Сезон дождей закончился, и, пока из вечернего неба выжимались последние капли, Гертруда нашла ключ от сада — заросшего и буйного от жизни. Попросила Муттера расчистить тропинку и сделать островок рядом со скамейкой и столиком. Остальную аккуратную уборку сказала отложить на другой раз. Она прекрасно понимала его подсечно-огневое мышление. Тонкое устройство сада, даже дико заросшего, находилось выше его понимания. В этой уединенной обстановке они садились вместе с Метой и наблюдали, как день становится ночью. Пуще всего им нравились ранние сумерки. При том держались за руки, а для зрения она касалась живота Меты. Всевозможная крылатая живность оставляла хрустальные следы. Шафранки радовали больше других. Летали парами, ныряли и кружились по бешеным неровным орбитам, постоянно повторявшимся, пока они не отправлялись шалить где-то в другом месте или не спешили восвояси до появления летучих мышей. От переплетения трепещущих бороздок поистине захватывало дух, каждый нюанс двух пар крыльев сучил в воздухе тончайшую скань. Иногда стрекозы побольше сталкивались и вдвоем трепетали крыльями, словно японскими веерами, но их следу, хоть и прекрасному, не хватало многогранных крапин шафранок. Так они вдвоем сидели, завороженные, иногда сжимая друг другу руки в своей новой радости от сближения над пропастью утраты и тревоги. Когда вылетали летучие мыши, представление прекращалось. Плиссированные небесные рисунки высоких ласточек портились твердым рикошетом исковерканного света от летучих мышей. В те часы — без их ведома — дружба их углублялась, раскрывая оголенный шов любви. Близость тел разжигается лишь близостью душ. Все прочее — скудная, преходящая похоть. Какая на тот момент оставалась за пределами их самых шальных ожиданий.

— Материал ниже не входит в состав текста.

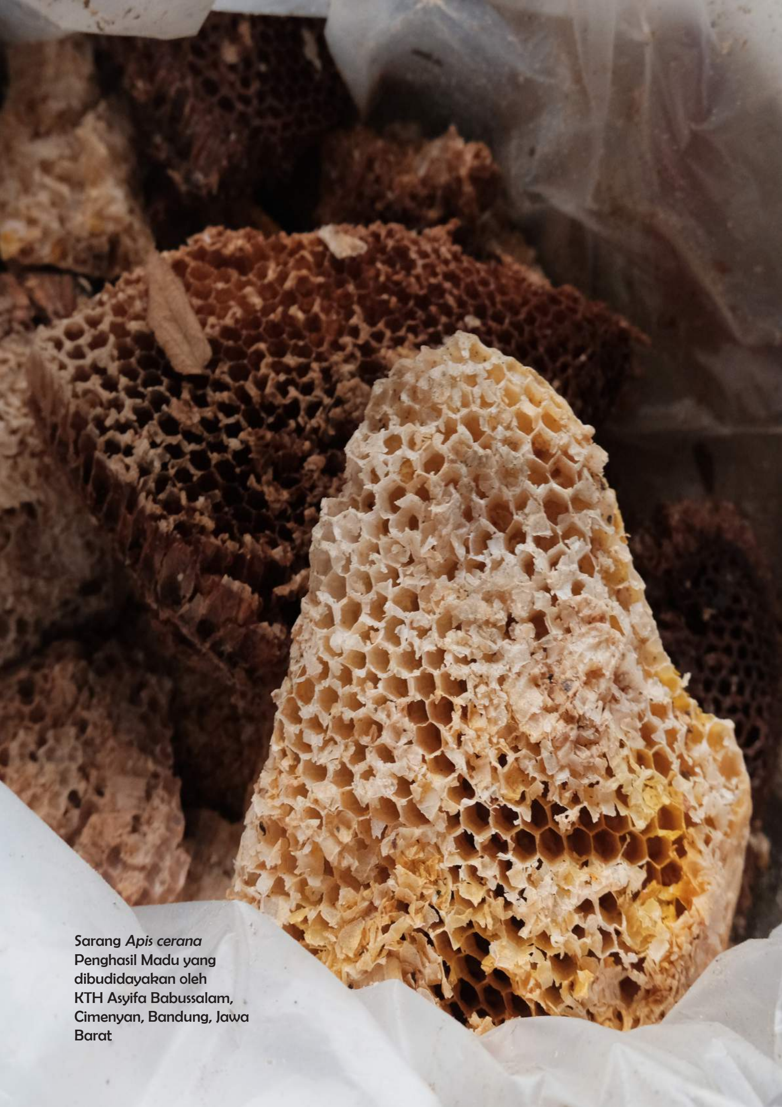
Sarang Apis cerana Penghasil Madu yang dibudidayakan oleh KTH Asyifa Babussalam, Cimendan, Bandung, Jawa Barat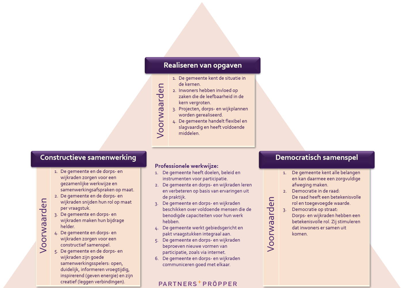
Figuur 2.1: Verdiepend evaluatiemodel met subnormen voor het opsporen van oorzaken voor een achtergesteld gevoel van inwoners van de kern Moergestel binnen de gemeente Oisterwijk.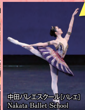
中田バレエスクール[バレエ] Nakata Ballet School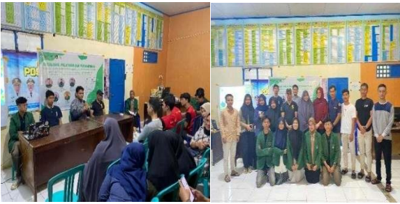
Gambar 6. Tahapan ( Connect and Empower ) 22 Juli 2023

(Connect and Empower) yaitu kegiatan sosialisasi yang dilaksanakan pada tanggal 22 Juli 2023 bertujuan menjelaskan secara rinci tentang pengolahan ( cocopeat ), sehingga anggota Karang Taruna MataAllo memahami gambaran umum mengenai ( cocopeat ).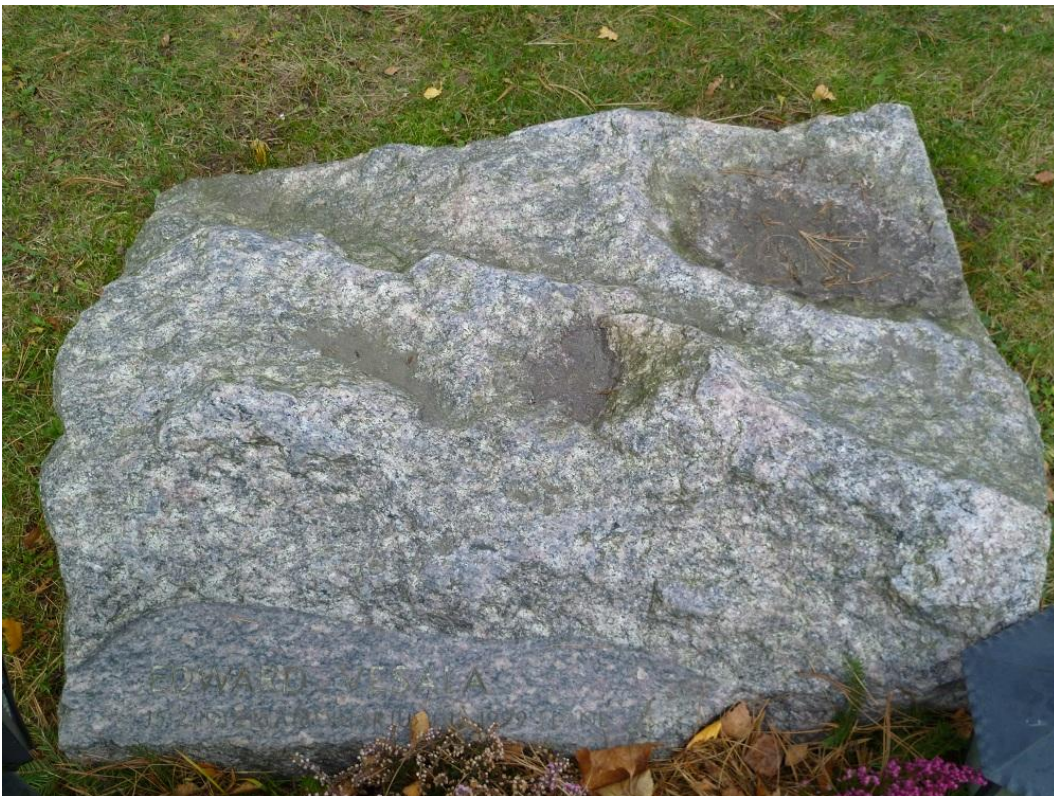
Edward Vesala (numero 27).

Ошметки радости, увлечения и печали сплетались в единый текст: в свиток истории, в ткань, уже имевшую вес и цвет, хоть сами они того и не знали. На том островке, средь бурьяна и экзотичной растительности, они становились едины. Сперва — в том месте, где кого-то не хватало, а позже — сливаясь своими глубинами.

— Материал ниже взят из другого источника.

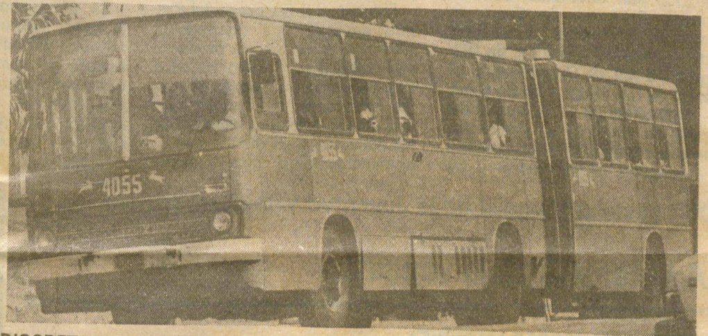
DISCRETOS resultados en el aumento de viajes en terminales incorporadas a este sistema.

en el buen servicio. Se están remodelando aceleradamente 10 de las 22 terminales capitalinas; se ha incrementado la protección e higiene en todas las áreas, la atención directa a la alimentación y se está respondiendo a las necesidades de uniforme.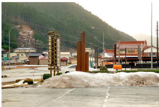
森林區佔95%的西粟倉村，從各項間伐材產品的開發，找到產業新契機。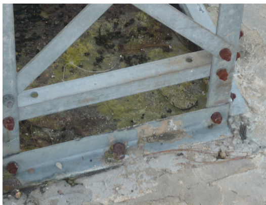
Base torre cara A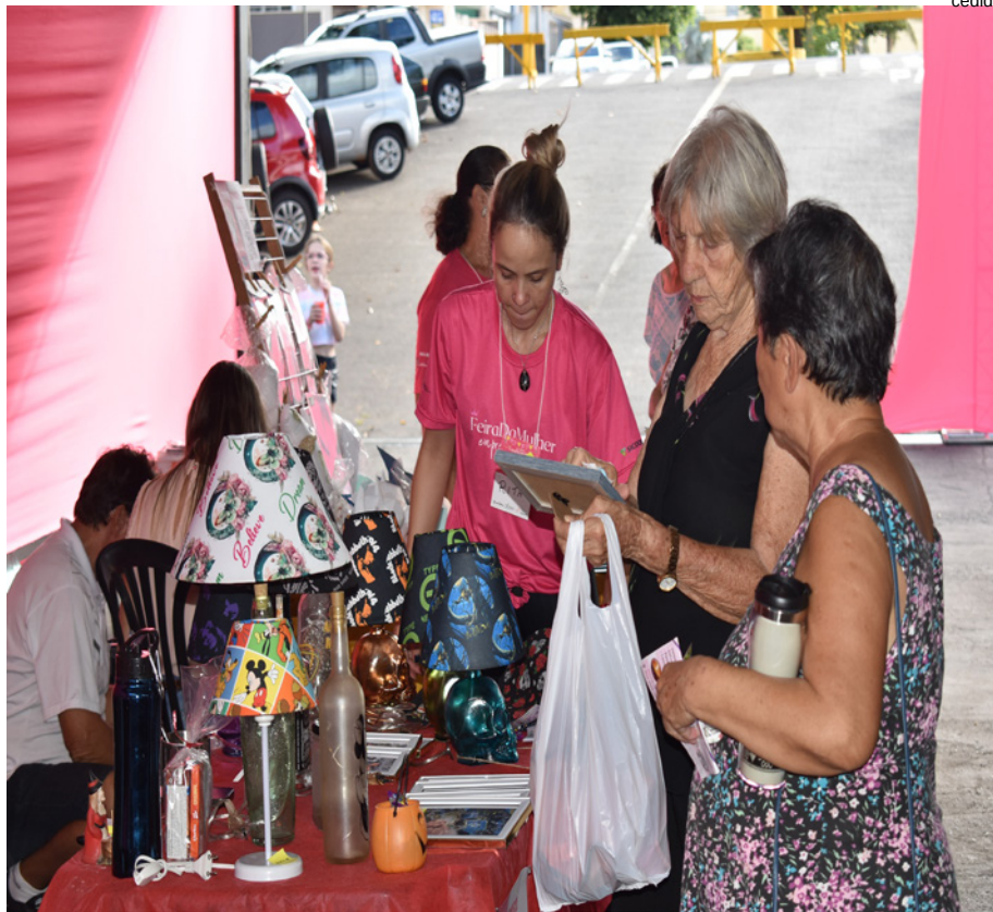
Novos espaços foram atrativos da edição de aniversário

A edição comemorativa contou ainda com diversas atrações culturais. "A pedido das empreendedoras fizemos em apenas um dia, mas estamos felizes com os resultados alcançados e mais do que isso, com a evolução das mulheres que estão conosco desde o começo e que tem atuado para fazer diferença no segmento em que atuam", afirma a secretária de Desenvolvimento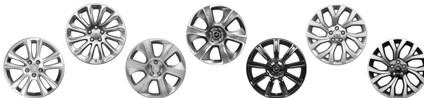
19" KOLA S 5 DVOJITÝMI PAPRSKY (STYLE 5001) 1

Вновь пошли теплые дни, и они стали неразлучны. Изредка Гертруда отправлялась вниз узнать, что происходит, и попытаться продолжить расспросы. Но это было невозможно. Родичи оставались все в том же положении — отключенные и сгрудившиеся, как арктические овцебыки, сомкнувшие тела в защите от морозных ветров и волков. Поразительный акт отрицания, коли действительно непритворный. Гертруда сомневалась в их выдержке. Тоскливо представляла, как, стоит ей уйти, они расцепляются и продолжают свои обычные малопонятные обязанности. В ту же секунду, как в подвальной двери поворачивался ключ, они сбегались обратно в неподвижный кружок раньше, чем она ступала на последнюю ступеньку. Она изучала их вблизи в поисках признаков жизни под полированными бурыми корпусами. Ничего. Мысль об их вечном стазисе начинала ужасать — ползучий образ преступал даже границы их с Метой уникального мирка. После одиннадцати дней она была сыта по горло, решила сдаться и выкинуть их из головы. Снова спустилась и обратилась к раздражающей скульптурной группе.